=== Work required ===
When you return the data, keep every word exact and include none of the images.

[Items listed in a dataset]

- Opening Delimiter -

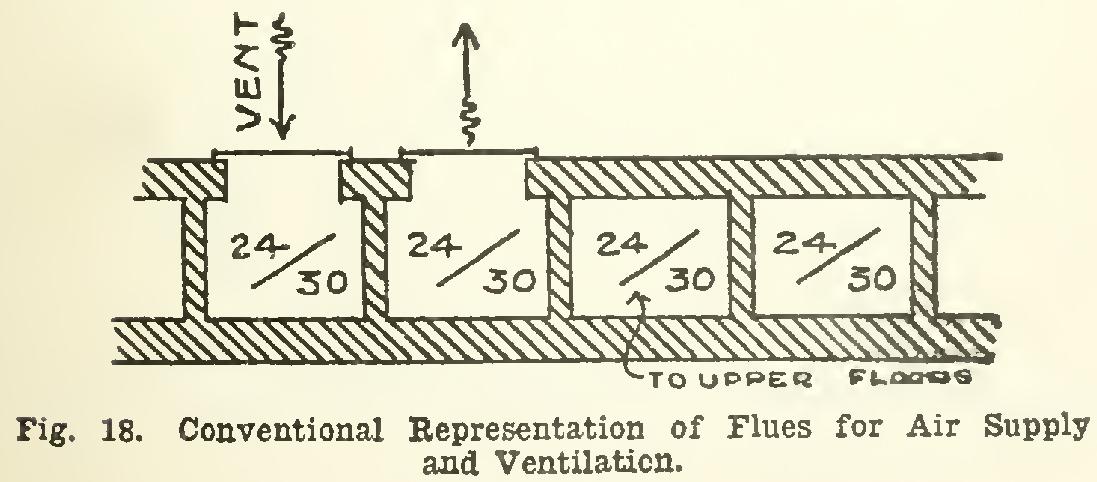 The method of figuring the correct location for such work will be considered under "Heating and Ventilating." The conventional method of showing flues for air supply and ventilation is shown in Fig. 18.
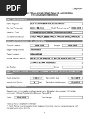 Borang Lawatan Ke Luar Negara Mulai 2015 Xls Document
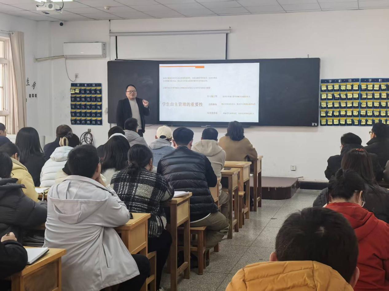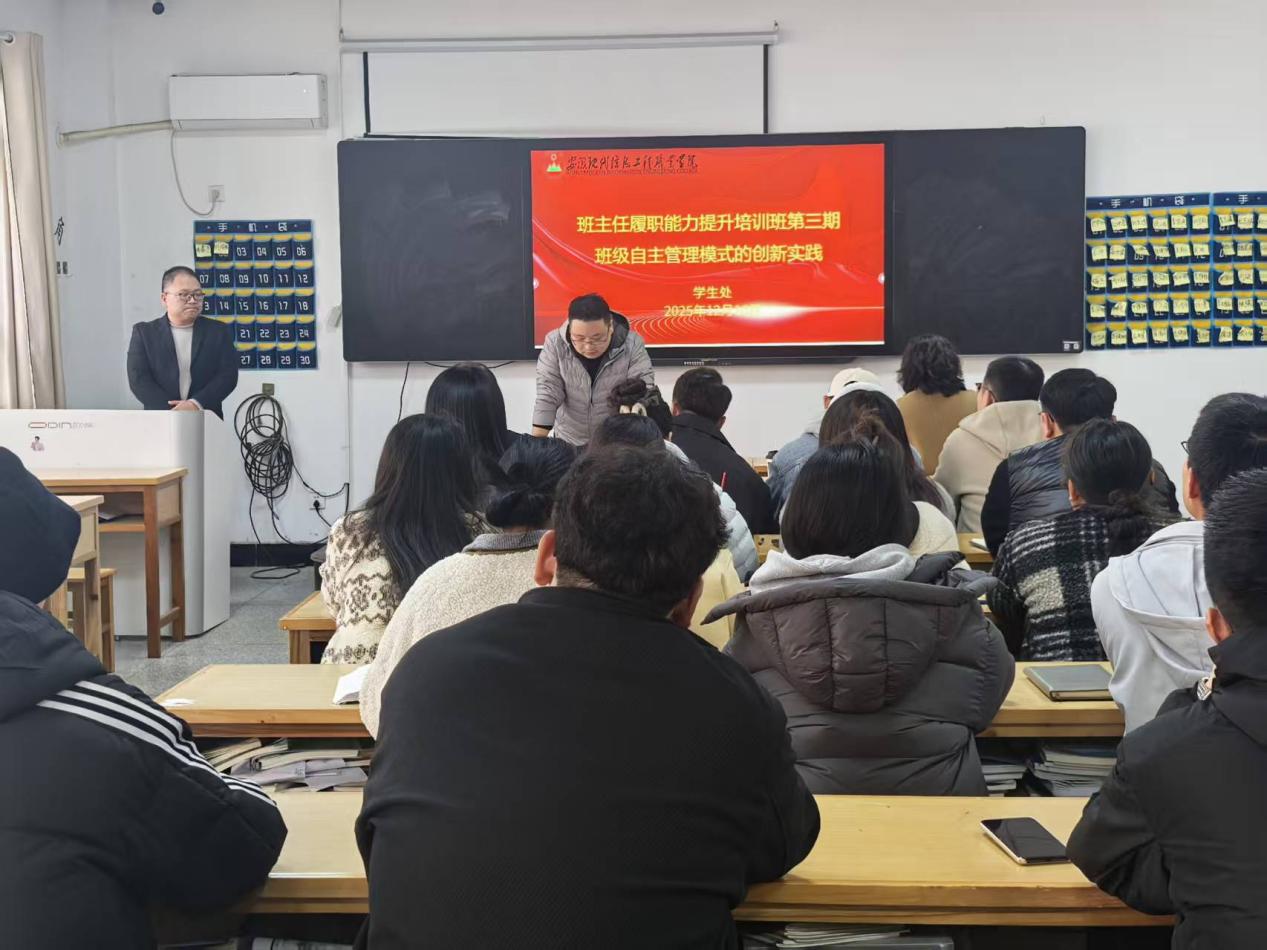 2025年12月10日下午,第三期辅导员履职能力提升培训暨十二月辅导员例会——班级自主管理模式的创新实践,在学院教学楼1204教室召开。学生处处长戴文俊、副处长杨永梅、各系部主任及全体辅导员参会,邀请淮南师范学院机械与电气工程学院团委书记王孟军老师作辅导报告,会议由处长戴文俊主持。
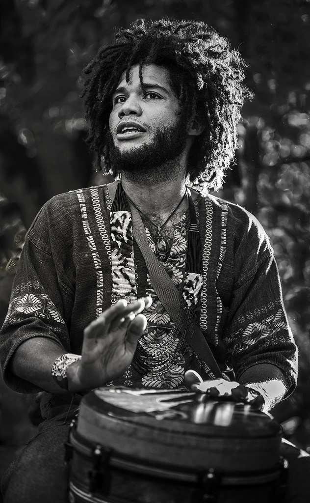 Hi Pete, Just thought I'd throw in on your image. I like the work you have done with this story. I know our judges worry too much about blow outs and sometimes miss the story. I really like his colorful attire, but the image is about his face to me. I used the patch tool to eliminate more background light, converted it to B&W, added a radial spot to him, and a vignette to try to direct the viewer more to the left. Here's to you, buddy!
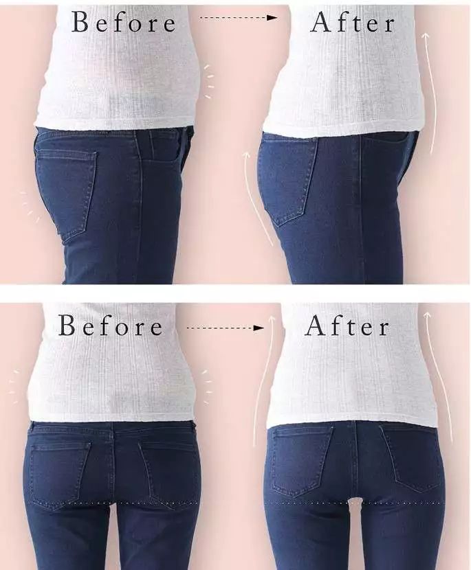 它可以紧紧地将臀线周围包裹,提升臀部线条;强压支撑技术能起到支撑、矫正骨盆的作用。还可以达到收腹、紧致腹部线条的效果。看一下对比图,真的很明显。
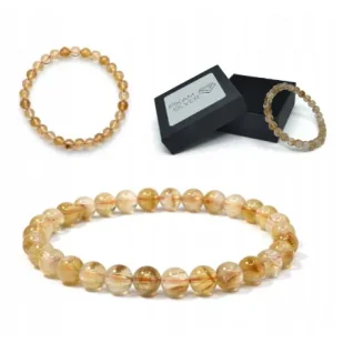 Bransoletka CYTRYNStylowa i ponadczasowa bransoletka wykonana z naturalnych kamieninbsp;CYTRYNnbsp;zachwyca swoją estetyką oraz starannym wykonaniem. Każdy koralik posiada unikalną strukturę i odcień, dzięki czemu każda bransoletka jest niepowtarzalna.Bransoletka została wykonana na elastycznej, wytrzymałej gumce, co zapewnia wygodę noszenia oraz idealne dopasowanie do nadgarstka. To uniwersalny dodatek, który doskonale sprawdzi się zarówno na co dzień, jak i jako delikatny akcent uzupełniający bardziej eleganckie stylizacje.Dlaczego warto wybrać tę bransoletkę?Wykonana z naturalnych kamieni cytrynuElastyczna forma - komfort i łatwe zakładanieKażda bransoletka jest unikatowaIdealna na prezent lub jako stylowy dodatek na co dzieńParametry:

- Closing Delimiter -

=== Exercise answer ===
 The method of figuring the correct location for such work will be considered under "Heating and Ventilating." The conventional method of showing flues for air supply and ventilation is shown in Fig. 18.
 Borang Lawatan Ke Luar Negara Mulai 2015 Xls Document
 2025年12月10日下午,第三期辅导员履职能力提升培训暨十二月辅导员例会——班级自主管理模式的创新实践,在学院教学楼1204教室召开。学生处处长戴文俊、副处长杨永梅、各系部主任及全体辅导员参会,邀请淮南师范学院机械与电气工程学院团委书记王孟军老师作辅导报告,会议由处长戴文俊主持。
 Hi Pete, Just thought I'd throw in on your image. I like the work you have done with this story. I know our judges worry too much about blow outs and sometimes miss the story. I really like his colorful attire, but the image is about his face to me. I used the patch tool to eliminate more background light, converted it to B&W, added a radial spot to him, and a vignette to try to direct the viewer more to the left. Here's to you, buddy!
 它可以紧紧地将臀线周围包裹,提升臀部线条;强压支撑技术能起到支撑、矫正骨盆的作用。还可以达到收腹、紧致腹部线条的效果。看一下对比图,真的很明显。
 Bransoletka CYTRYNStylowa i ponadczasowa bransoletka wykonana z naturalnych kamieninbsp;CYTRYNnbsp;zachwyca swoją estetyką oraz starannym wykonaniem. Każdy koralik posiada unikalną strukturę i odcień, dzięki czemu każda bransoletka jest niepowtarzalna.Bransoletka została wykonana na elastycznej, wytrzymałej gumce, co zapewnia wygodę noszenia oraz idealne dopasowanie do nadgarstka. To uniwersalny dodatek, który doskonale sprawdzi się zarówno na co dzień, jak i jako delikatny akcent uzupełniający bardziej eleganckie stylizacje.Dlaczego warto wybrać tę bransoletkę?Wykonana z naturalnych kamieni cytrynuElastyczna forma - komfort i łatwe zakładanieKażda bransoletka jest unikatowaIdealna na prezent lub jako stylowy dodatek na co dzieńParametry:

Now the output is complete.